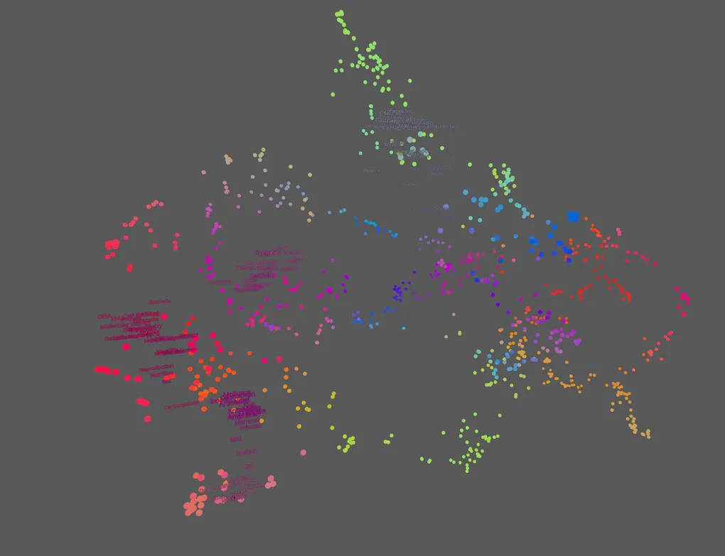 As expected, the text embeddings naturally cluster the Wikipedia articles into similar groups, mimicking their manual categorizations. In these visualizations, I display the title of the Wikipedia page and position it based on the “meaning” of the text on that page.
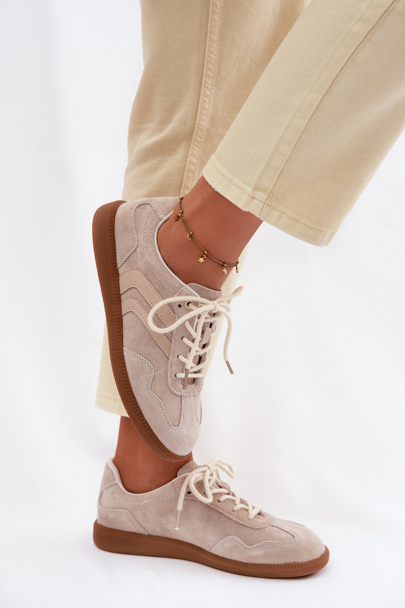 Skórzane Zamszowe Sneakersy Damskie Niskie Beżowe Perinae
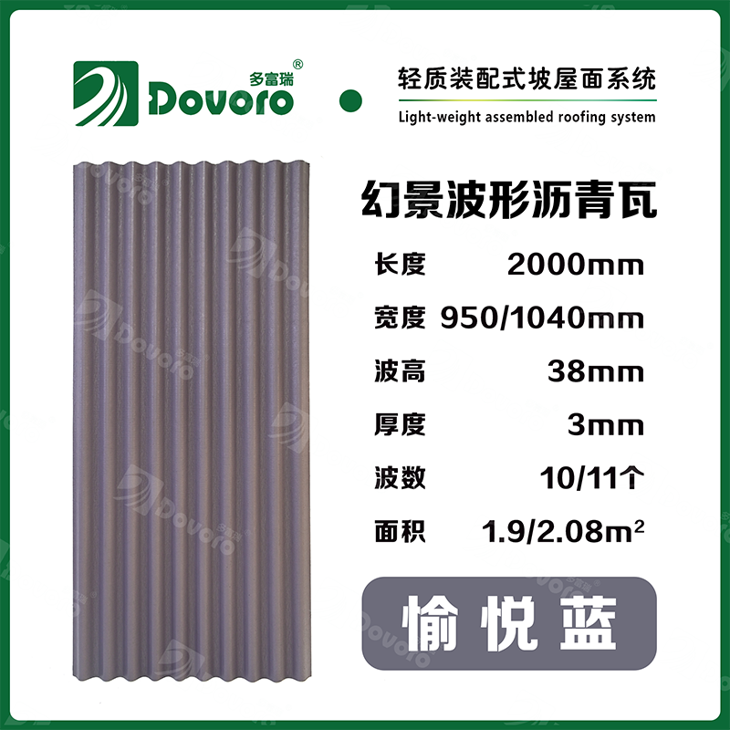3、幻景波形瀝青瓦多用于有檁體系屋面和普通民用建筑, 主要包括舊屋面翻新、平改坡、一般住宅、工業(yè)廠房、倉庫和農(nóng)村建筑。
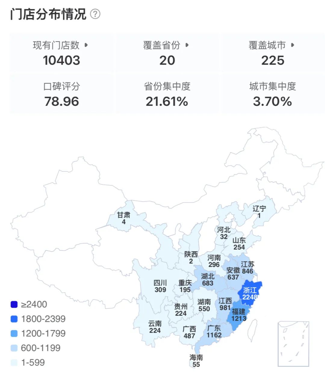 作为行业第二目前其门店仅覆盖了20个省份,且大多集中在中国地图的东南角落,而蜜雪冰城、茶百道、霸王茶姬等大多数头部品牌均已覆盖超30个以上。
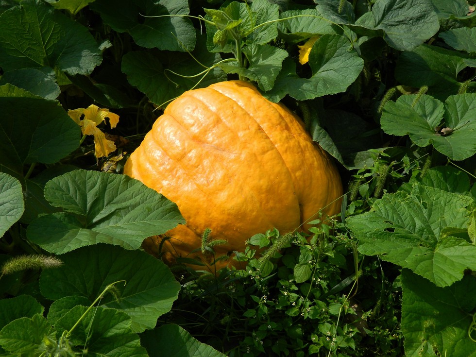 One of the 2 pumpkins still going on the 1047.5. The plant is still very healthy. We lost 2 in the 500# to 600# range earlier on this plant. This one has rabbit damage that healed. I hope it keeps growing. It will be picked for Anamosa in 15 days. Hot today, heading close to 90 this afternoon. Then 60's tomorrow and low 40's by Saturday morning. Summer is about over.
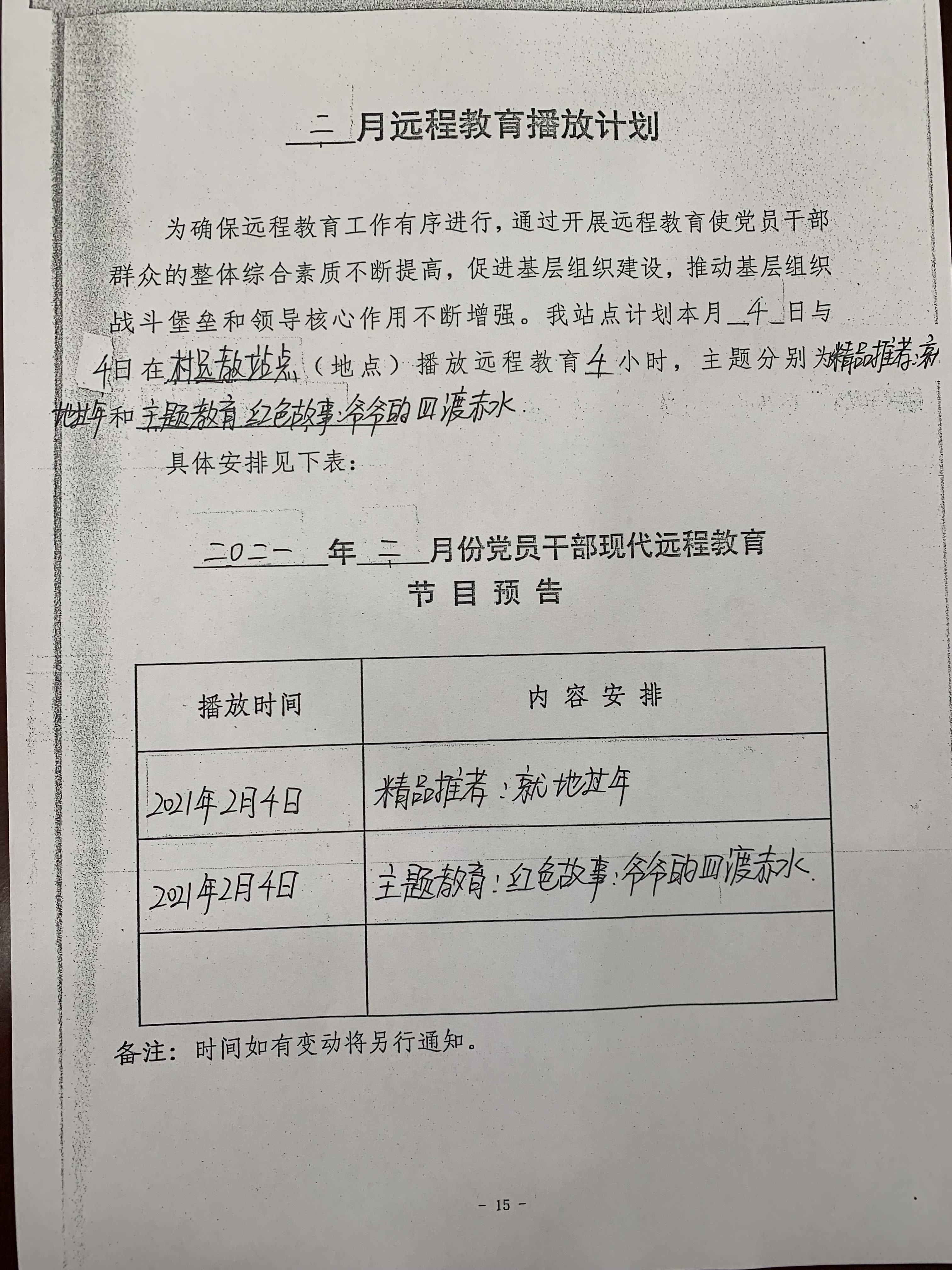 虎山村2月份遠程教育播放計劃

WHAT THIS TASK INVOLVES – Could you reproduce the entries verbatim, leaving out all pictures?

RESPONSE BOX –
 As expected, the text embeddings naturally cluster the Wikipedia articles into similar groups, mimicking their manual categorizations. In these visualizations, I display the title of the Wikipedia page and position it based on the “meaning” of the text on that page.
 Skórzane Zamszowe Sneakersy Damskie Niskie Beżowe Perinae
3、幻景波形瀝青瓦多用于有檁體系屋面和普通民用建筑, 主要包括舊屋面翻新、平改坡、一般住宅、工業(yè)廠房、倉庫和農(nóng)村建筑。
 作为行业第二目前其门店仅覆盖了20个省份,且大多集中在中国地图的东南角落,而蜜雪冰城、茶百道、霸王茶姬等大多数头部品牌均已覆盖超30个以上。
 One of the 2 pumpkins still going on the 1047.5. The plant is still very healthy. We lost 2 in the 500# to 600# range earlier on this plant. This one has rabbit damage that healed. I hope it keeps growing. It will be picked for Anamosa in 15 days. Hot today, heading close to 90 this afternoon. Then 60's tomorrow and low 40's by Saturday morning. Summer is about over.
 虎山村2月份遠程教育播放計劃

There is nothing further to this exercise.